Sam still runs around to his best ability, and loves to play football and cricket. He has swimming lessons, which help to keep his joints moving. He loves playing on the Wii. We make sure he’s playing the games with plenty of movement.

Sam has tried to ride a bike, but can’t get the speed up as it causes him pain. He and his brother still drive us crazy when they are squabbling, like all other siblings do.

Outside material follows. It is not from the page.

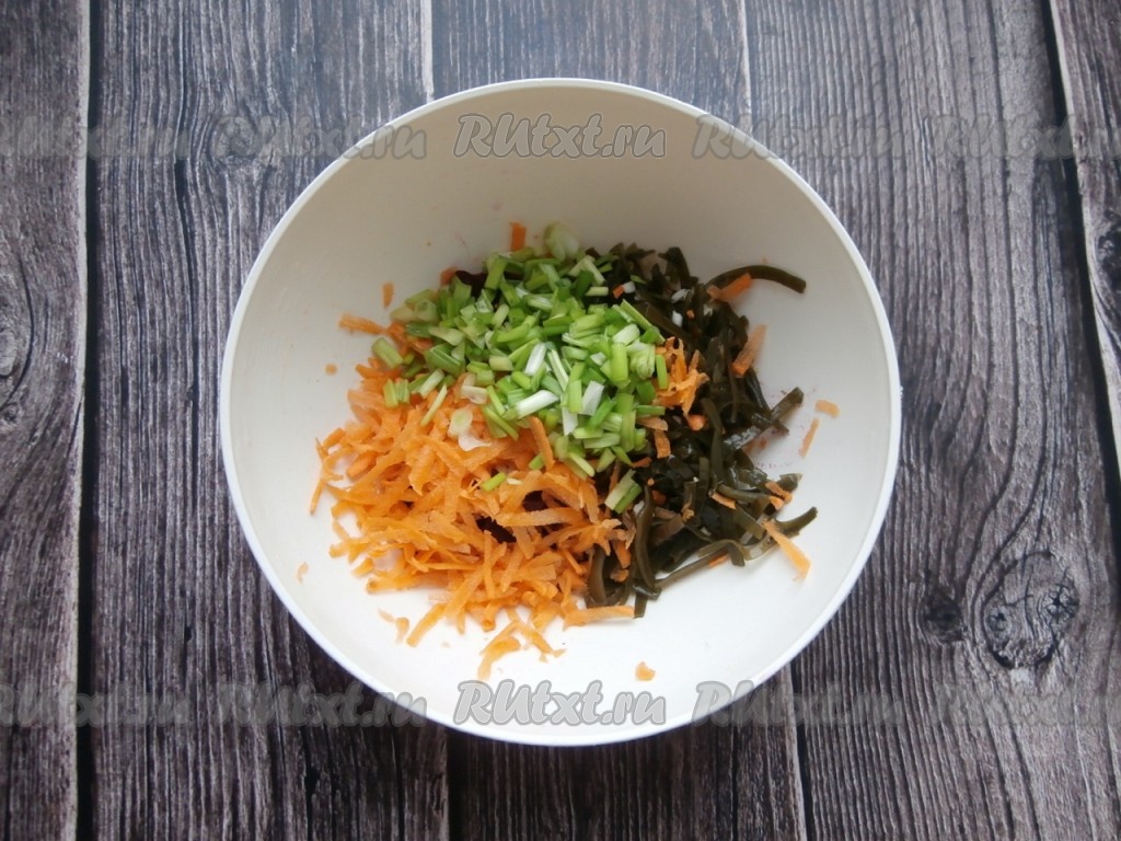 Половину свежей морковки очистить. Зелёный лук вымыть. Добавить натёртую на крупной тёрке морковку и измельчённый зелёный лук в салат из варёной свеклы и морской капусты.

We’ve tried to explain to Sam about his condition, and what may happen in the future. He kind of understands, but often asks why Edward isn’t the same, as he is his brother. How can we explain this?

Although Sam is at the lower end of the spectrum for ML III, it still poses an uncertainty for his future. We don’t know if a cure will be found, but we are happy that Sam is under the care of excellent medical professionals.